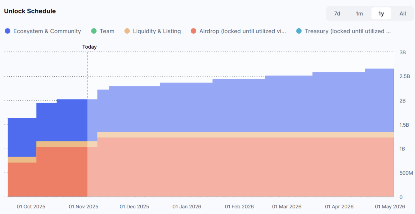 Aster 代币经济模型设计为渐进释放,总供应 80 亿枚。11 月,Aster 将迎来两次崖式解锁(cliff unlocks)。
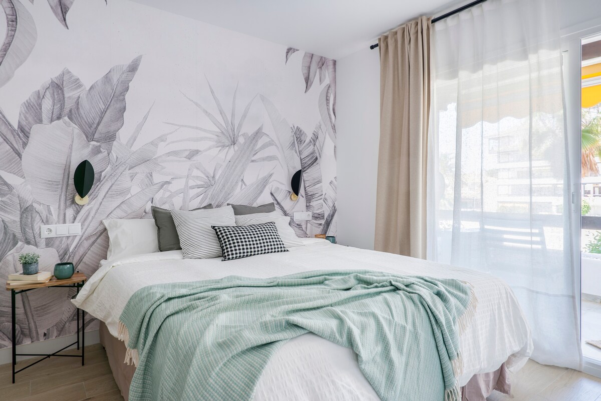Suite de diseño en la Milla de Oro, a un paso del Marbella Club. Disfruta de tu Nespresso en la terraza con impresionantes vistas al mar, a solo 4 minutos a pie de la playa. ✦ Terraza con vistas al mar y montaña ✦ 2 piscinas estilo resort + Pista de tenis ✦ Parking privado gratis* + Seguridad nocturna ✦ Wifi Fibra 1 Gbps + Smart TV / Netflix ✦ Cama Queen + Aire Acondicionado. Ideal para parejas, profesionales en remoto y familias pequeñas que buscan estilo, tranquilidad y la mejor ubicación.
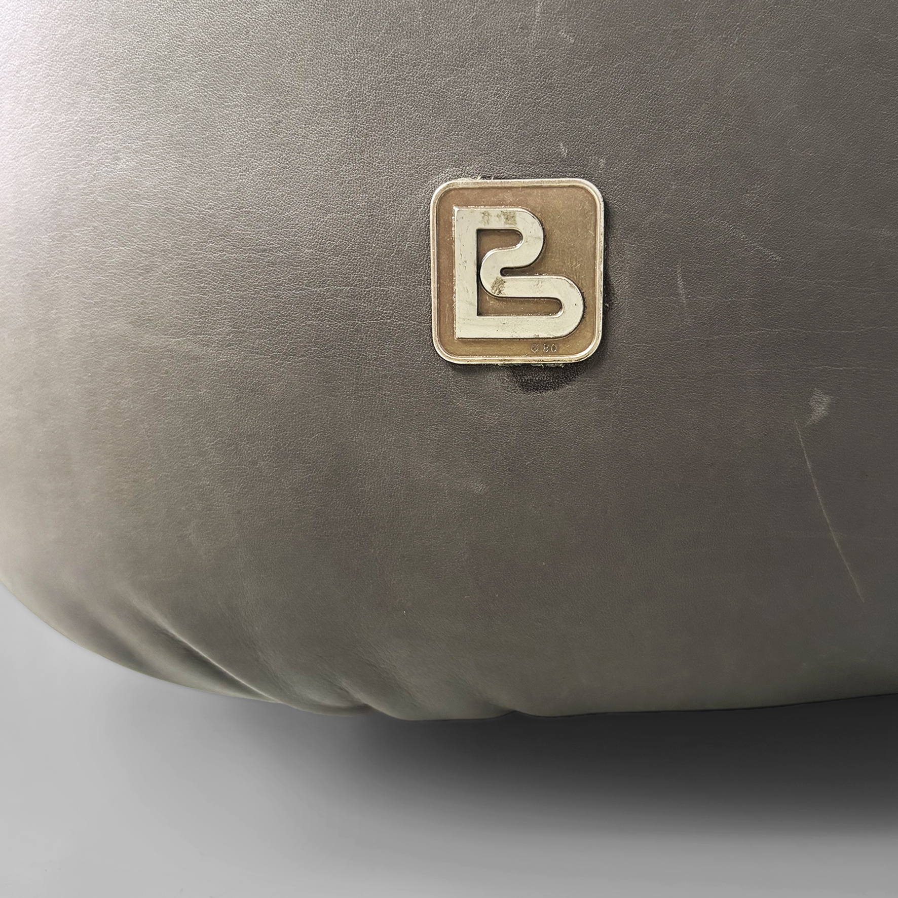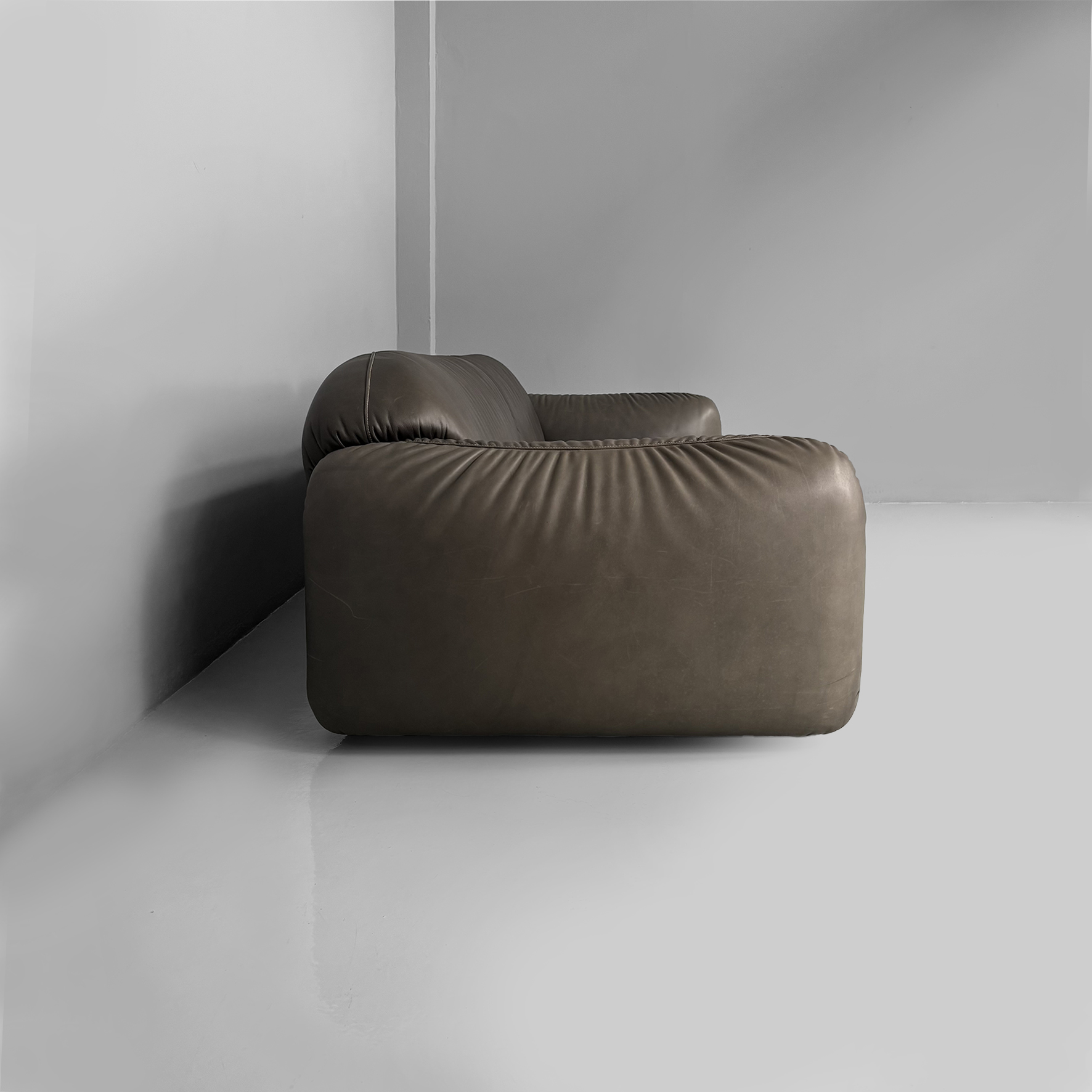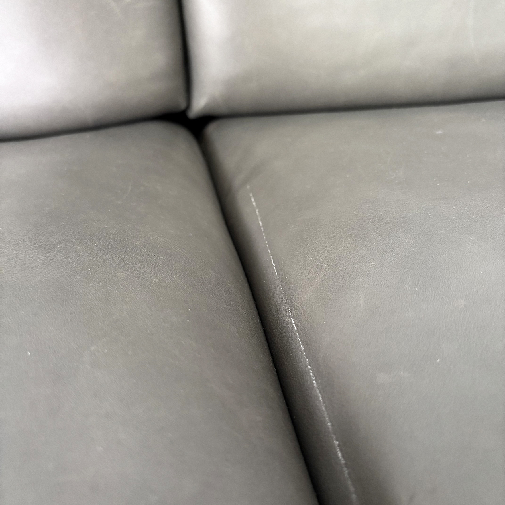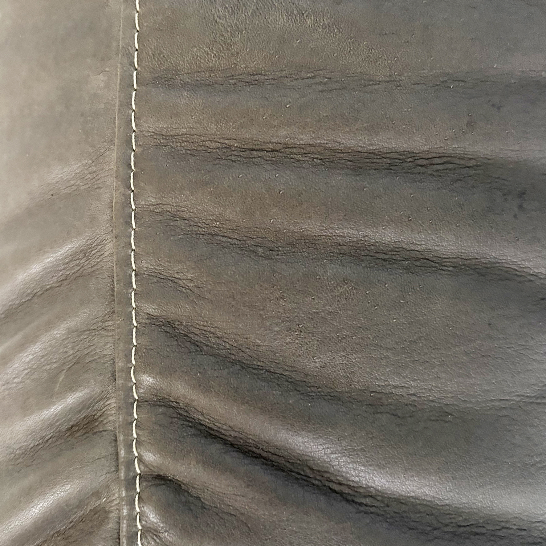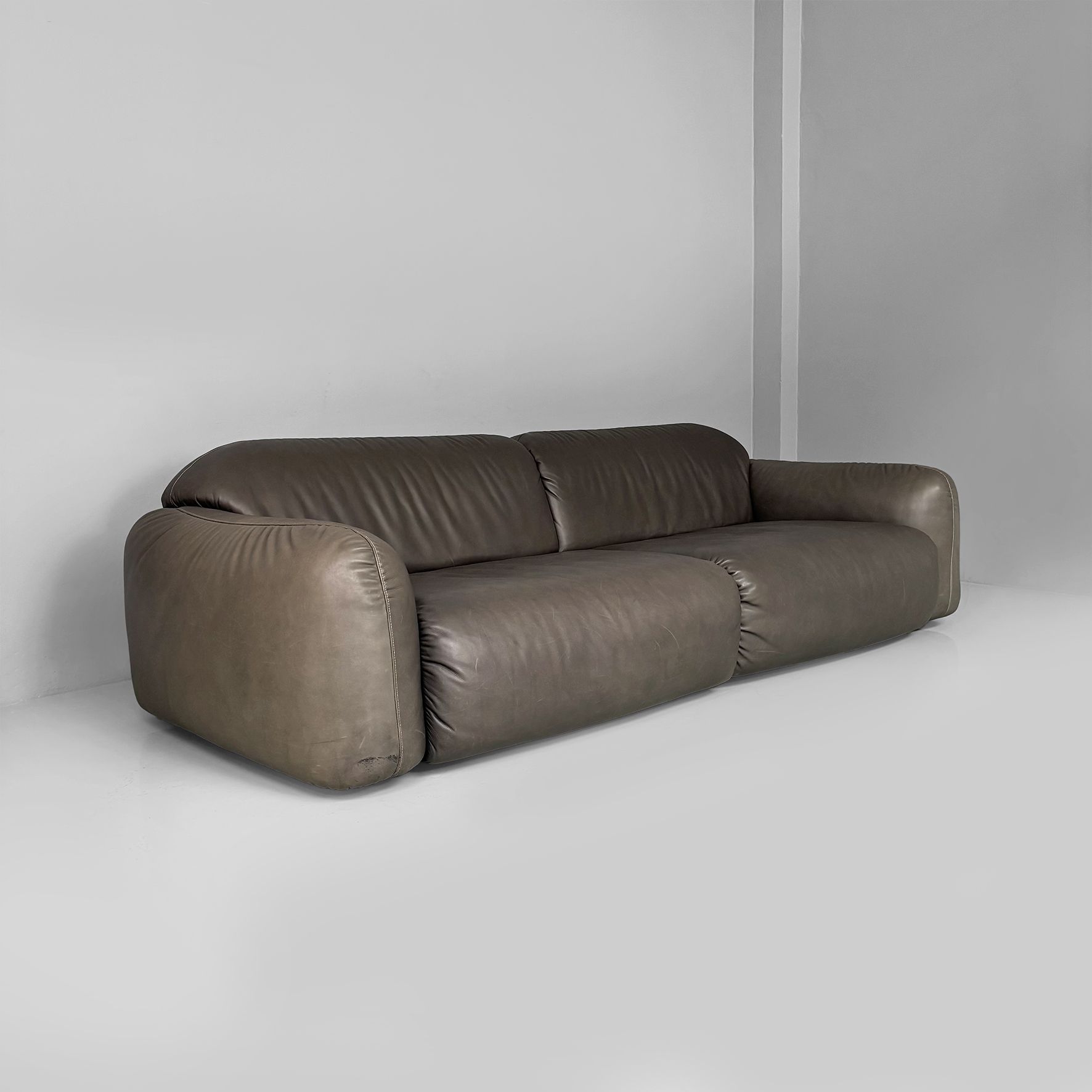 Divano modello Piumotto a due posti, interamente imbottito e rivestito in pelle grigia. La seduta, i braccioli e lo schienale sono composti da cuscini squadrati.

# [TASK TO COMPLETE]
Repeat the material verbatim but without any of its pictures.

# [SOLUTION BELOW]
 Aster 代币经济模型设计为渐进释放,总供应 80 亿枚。11 月,Aster 将迎来两次崖式解锁(cliff unlocks)。
Suite de diseño en la Milla de Oro, a un paso del Marbella Club. Disfruta de tu Nespresso en la terraza con impresionantes vistas al mar, a solo 4 minutos a pie de la playa. ✦ Terraza con vistas al mar y montaña ✦ 2 piscinas estilo resort + Pista de tenis ✦ Parking privado gratis* + Seguridad nocturna ✦ Wifi Fibra 1 Gbps + Smart TV / Netflix ✦ Cama Queen + Aire Acondicionado. Ideal para parejas, profesionales en remoto y familias pequeñas que buscan estilo, tranquilidad y la mejor ubicación.
 Divano modello Piumotto a due posti, interamente imbottito e rivestito in pelle grigia. La seduta, i braccioli e lo schienale sono composti da cuscini squadrati.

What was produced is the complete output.